KULONPROGO, KRJOGJA.com – Warga di wilayah Kecamatan Panjatan, bersama para relawan dijadwalkan akan melanjutkan pembersihan atau pengurasan air sumur milik warga terdampak luapan banjir dari Sungai Serang, Sabtu (30/03/2019). Dukuh IV Desa Panjatan, Puji Hartaya mengungkapkan pengurasan air sumur milik warga di wilayah Pedukuhan I, II, III dan IV Desa Panjatan belum selesai.

Dalam waktu dua hari, relawan bersama warga baru berhasil menyelesaikan pengurasan 15 sumur. Usai terendam luapan banjir Sungai Serang pada pertengahan Maret lalu, sebagian besar air sumur milik warga tidak layak dikonsumsi dan untuk keperluan rumah tangga.
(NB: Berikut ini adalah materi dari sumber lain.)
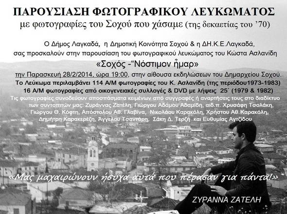 Ο Δήμος Λαγκαδά, η Δημοτική Κοινότητα Σοχού και η ΔΗ. ΚΕ. Λαγκαδά, σας προσκαλούν στην παρουσίαση του Φωτογραφικού Λευκώματος του Κώστα Ασλανίδη
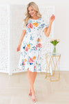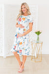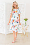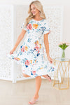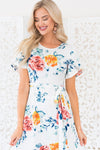 This darling modest dress is going to be your next go-to piece! The Lexy has some lovely modest features to include. A modest round neckline, short wrap flutter sleeves, elastic waist with belt tie and a flowy faux wrap ruffle skirt. Not to mention the lovely classy ivory floral print, this one is a must have!
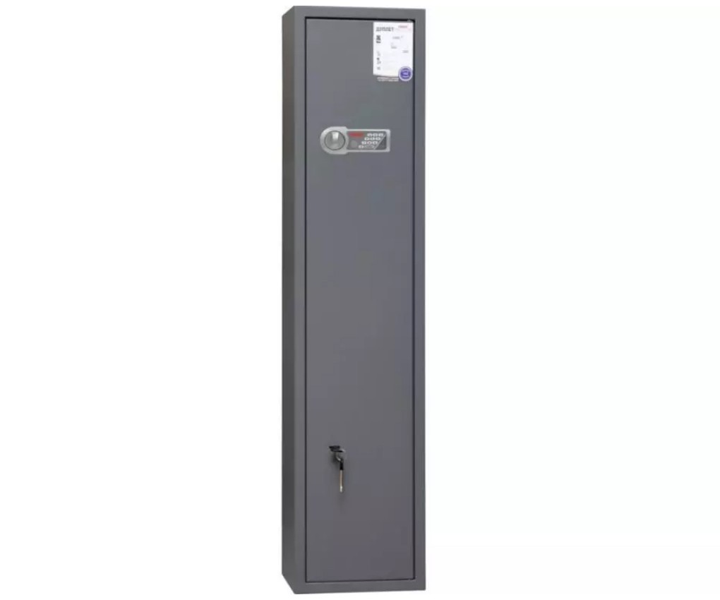 Оружейный шкаф соответствует всем требованиям МВД по хранинению оружия. Данный шкаф предназначен для хранения 3 ружей высотой не больше 1200 мм. Шкаф оснащен анкерным креплением к стене и полу. Размер - 1300х300х200 мм, вес - 16,5 кг. Для удобства, в шкафу есть трейзер со съемной полкой, для хранения патронов. На двери установлен специальный карман для хранения документов, что очень удобно. Замок ключевой и электронный.
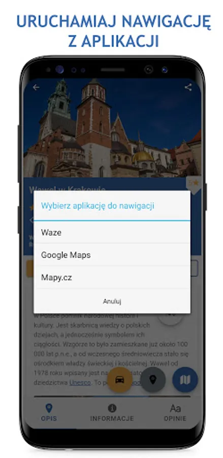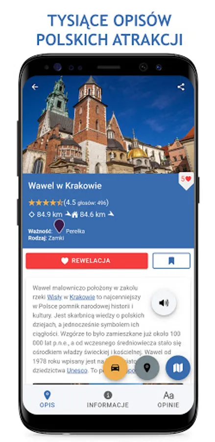 In the application you will find nearly 8000 descriptions of places all over Poland . These are not only the obvious attractions, but also the unknown places that might inspire you.
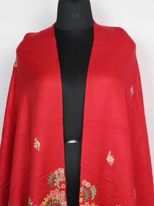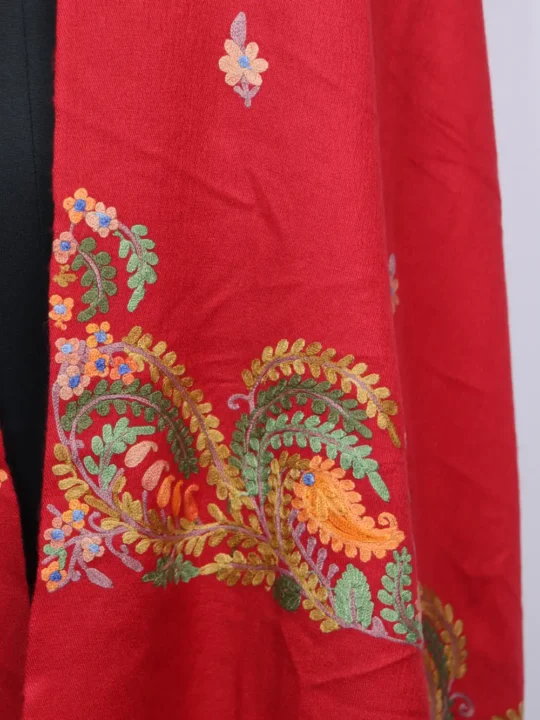 Made in silk and pashmina this red colour stole pairs smooth feel with its aari embroiderythat has been done in contnuous border and booti style, giving a composed decorative rhythm.
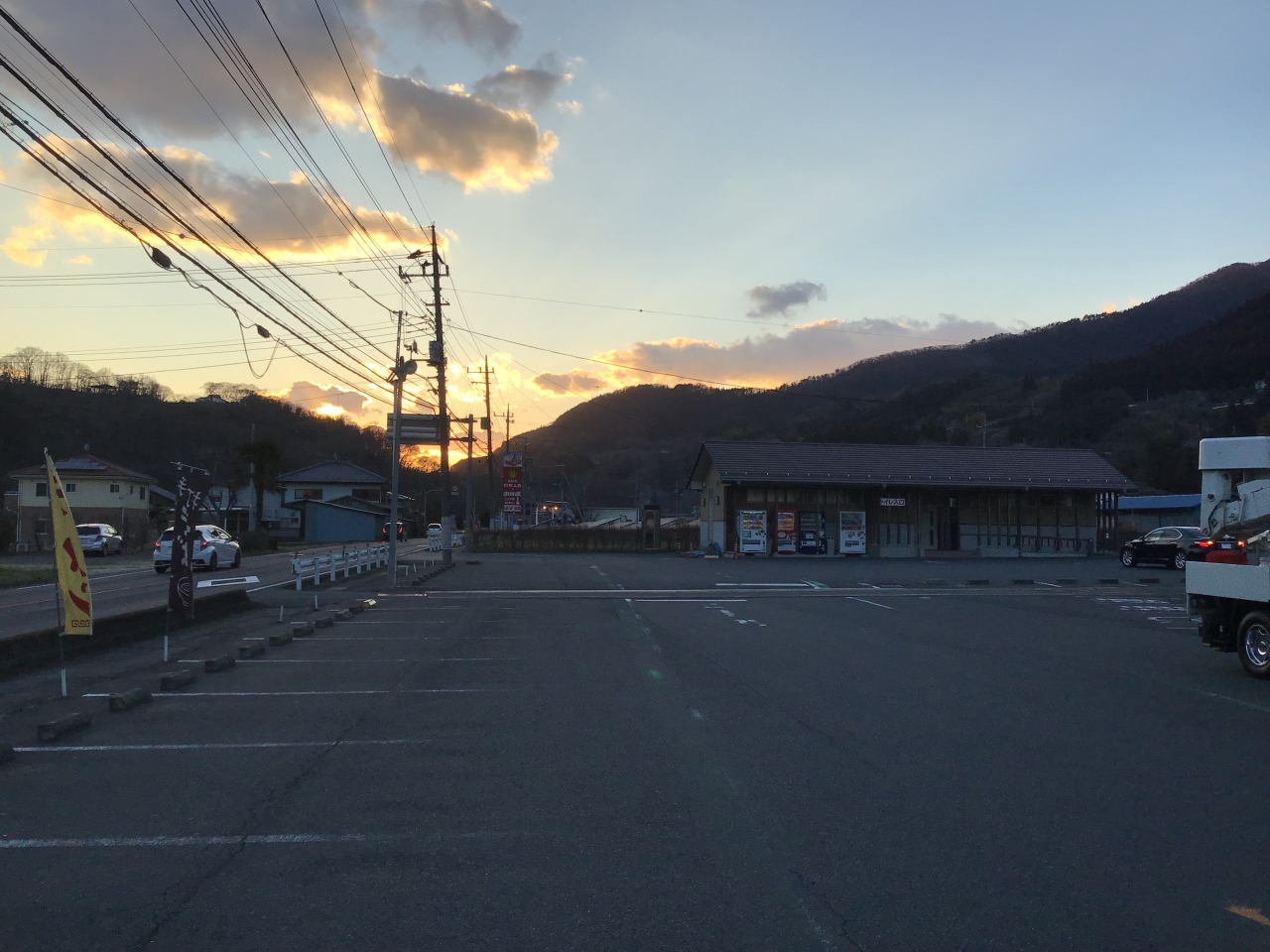 平日の夕方は 店仕舞いも始めているようで、草津、長野原町方面の山々の夕暮れが
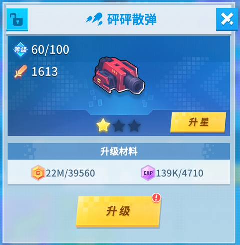 在比特大爆炸中,其实决定弹幕效果及形态的是我们的主武器。虽说主武器和战机可以自由搭配,但介绍了月长石就不得不提与其同品质的砰砰散弹。砰砰散弹是中期我们会使用到的常规主武器,由于它的弹道比较分散且攻击频率较低,所以推荐大家优先升级弹道,这样可以大大提升砰砰散弹的释放频率。
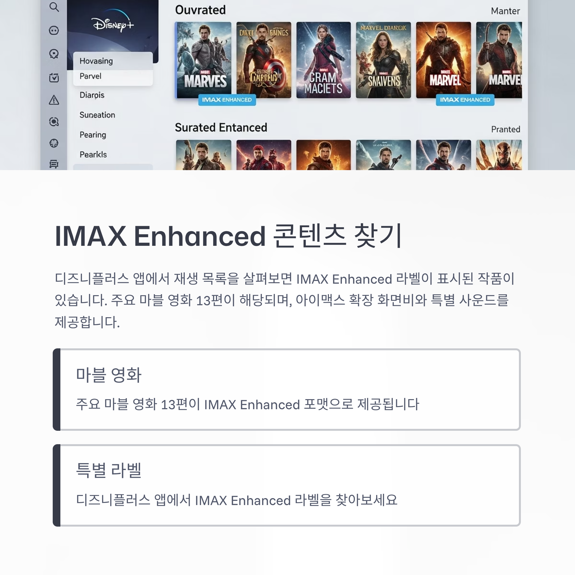 디즈니플러스 앱에서 재생 목록을 살펴보면 IMAX Enhanced 라벨이 표시된 작품이 있습니다.
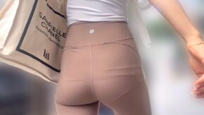 巨乳・お尻・美脚 半ケツパンティを見せる極上尻を堪能!露出狂のようなスパッツから美巨尻をムニュらせ庶民を挑発!
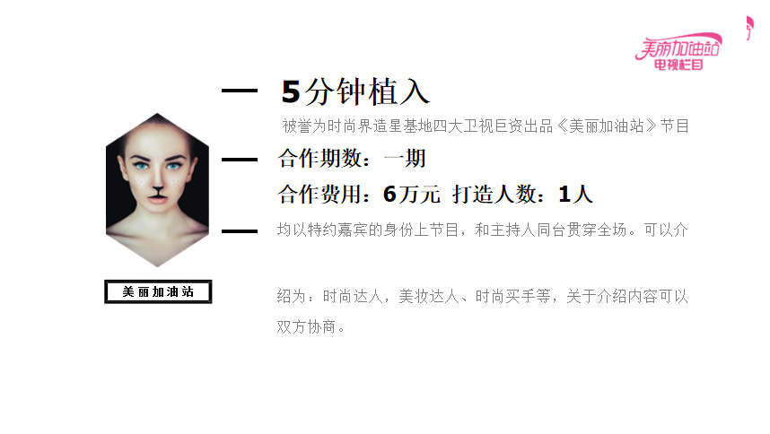 《美麗加油站》是一檔具有國(guó)際化性質(zhì)的生活服務(wù)類(lèi)高端時(shí)尚節(jié)目。節(jié)目每一期一個(gè)時(shí)尚主題,邀請(qǐng)知名演員,設(shè)計(jì)師,時(shí)尚達(dá)人,著名護(hù)膚美容師及網(wǎng)紅等和主持人共同探討,分享。。。
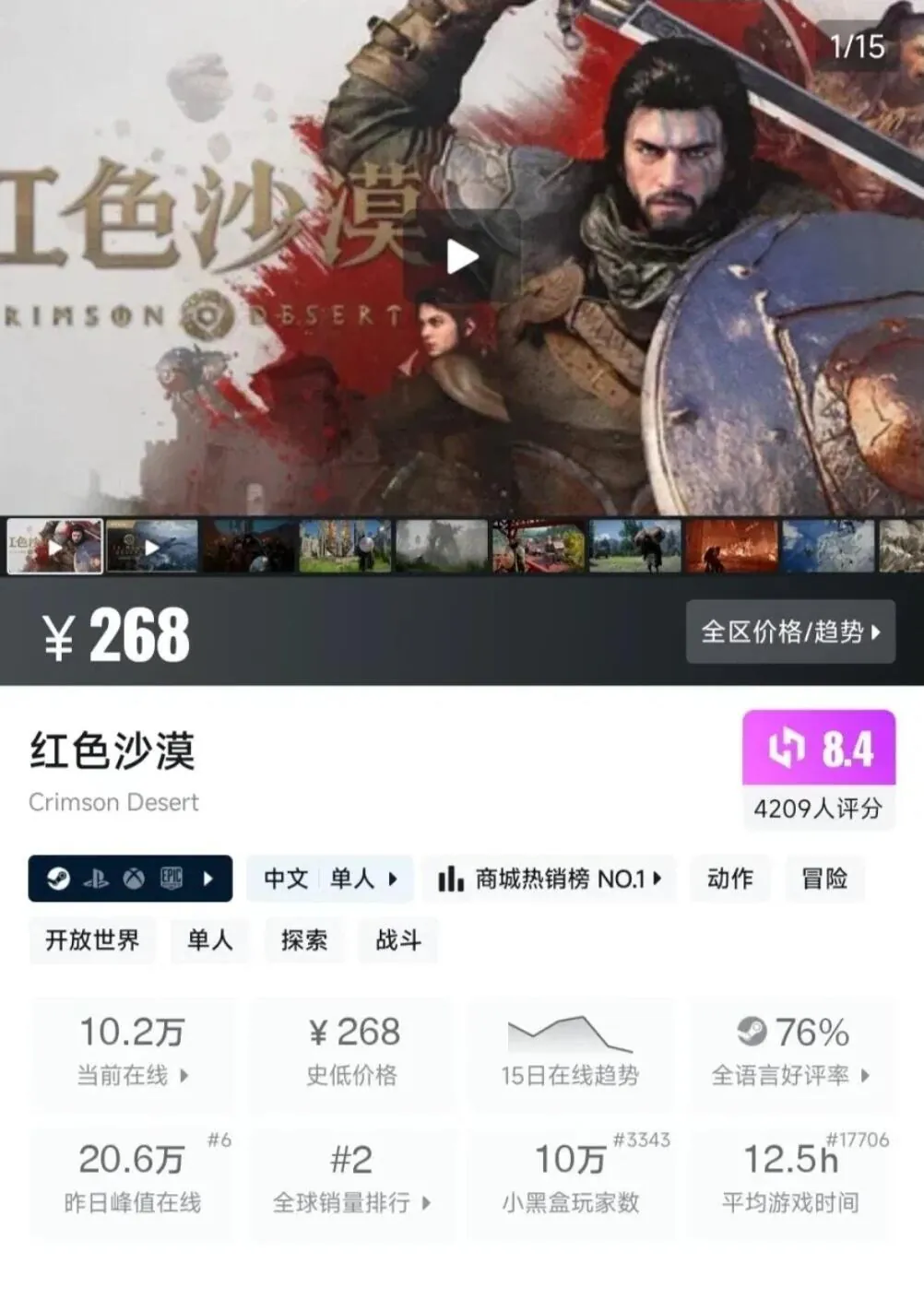 중국 최대 게임 커뮤니티 사이트 '헤이박스(이용자 8천만명 이상)' 에서 붉은 사막 지표가
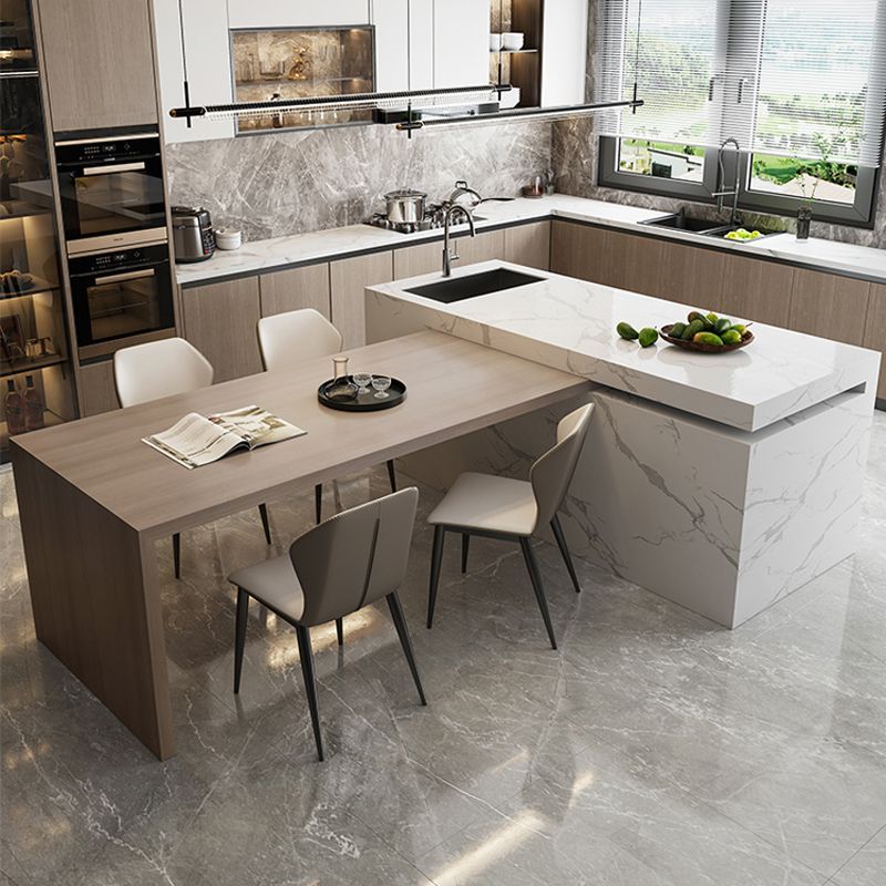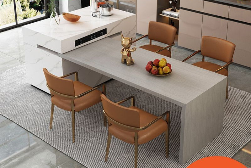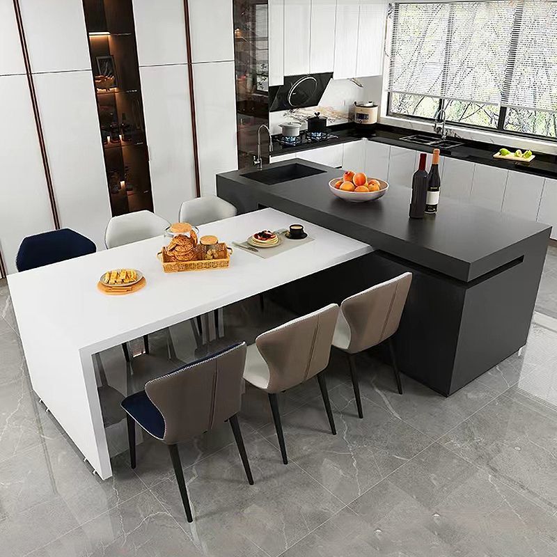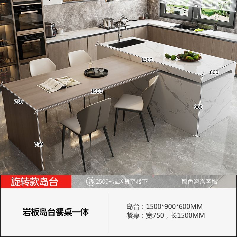 可定做岩板岛台餐桌一体中岛旋转伸缩移动水槽家用厨房倒台吧台
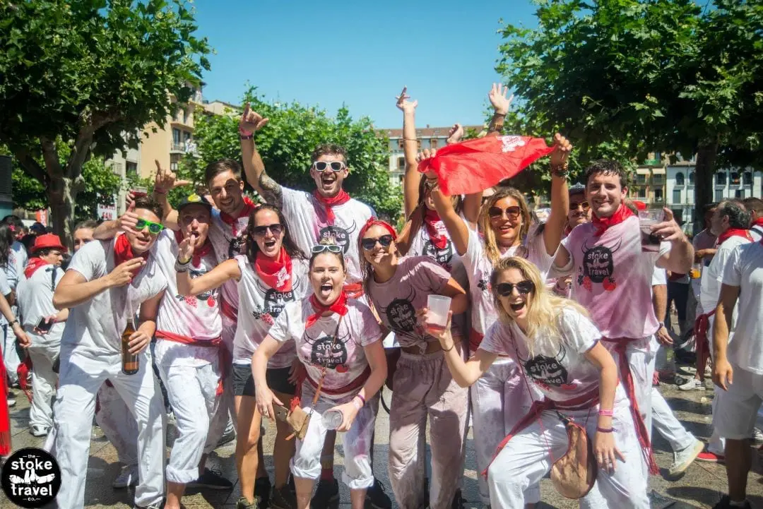 Stoke Travel’s Pamplona trip includes massive campsite parties, your stay in all-inclusive camping accommodation with camping mats and sleeping bags included, tasty hot and cold breakfast and bottomless mimosas every morning, open beer, wine and sangria bar between 10am and 10pm (for only €15/day), local cheese and wine tasting for your welcome party, an open-minded international crowd with new best friends from all over the world, Stoke chill out campsite, awesome guides to make your San Fermin extra special and one hell of an unforgettable experience!
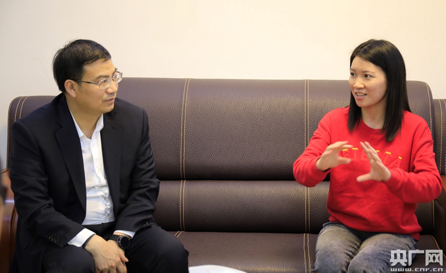 汕尾市稅務局黨委委員、總經濟師郭郁(左)與全國人大代表張麗(右)座談交流。(央廣網發(fā))
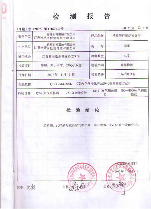 活性炭纖維織物窗簾檢測報(bào)告
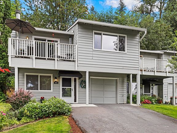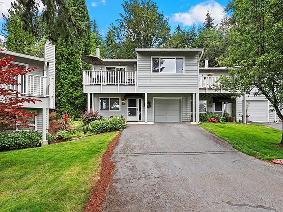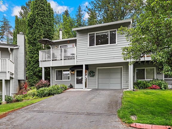 End-unit townhome in desirable Lake Oswego neighborhood! Main floor has full bedroom & full bathroom with washer/dryer. Deep garage with built in shelving for more storage. Upper floor has vaulted ceilings, sliders leading to 2 different decks, wood burning fireplace, quartz kitchen countertops and tons of natural light. All 3 bedrooms have custom California closets for extra storage. Desirable Lake Oswego Schools and Mountain Park Amenities.
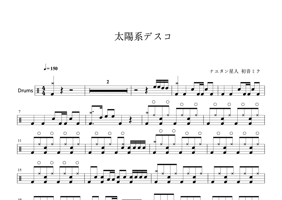 ナユタン星人,初音ミク《太陽系デスコ》鼓谱 - 架子鼓谱

Air kotor masuk ke dalam sumur menjadi keruh dan mengeluarkan bau tidak sedap.

“Masih ada permintaan dari warga untuk menguras 35 sumur. Belajar dari pengurasan sebelumnya, pada pelaksanaan di lapangan nanti, pasti akan ada penambahan permintaan dari warga,” tutur Puji Hartaya.

Pengurasan sumur milik warga bekerja sama dengan relawan dari unsur MDMC DIY, JPM (Jaringan Progo Menoreh), JKM (Jarikan Komunikasi Menoreh), TRC BPBD Kulonprogo, Babinsa, Babikamtibmas dan Kokam Kulonprogo.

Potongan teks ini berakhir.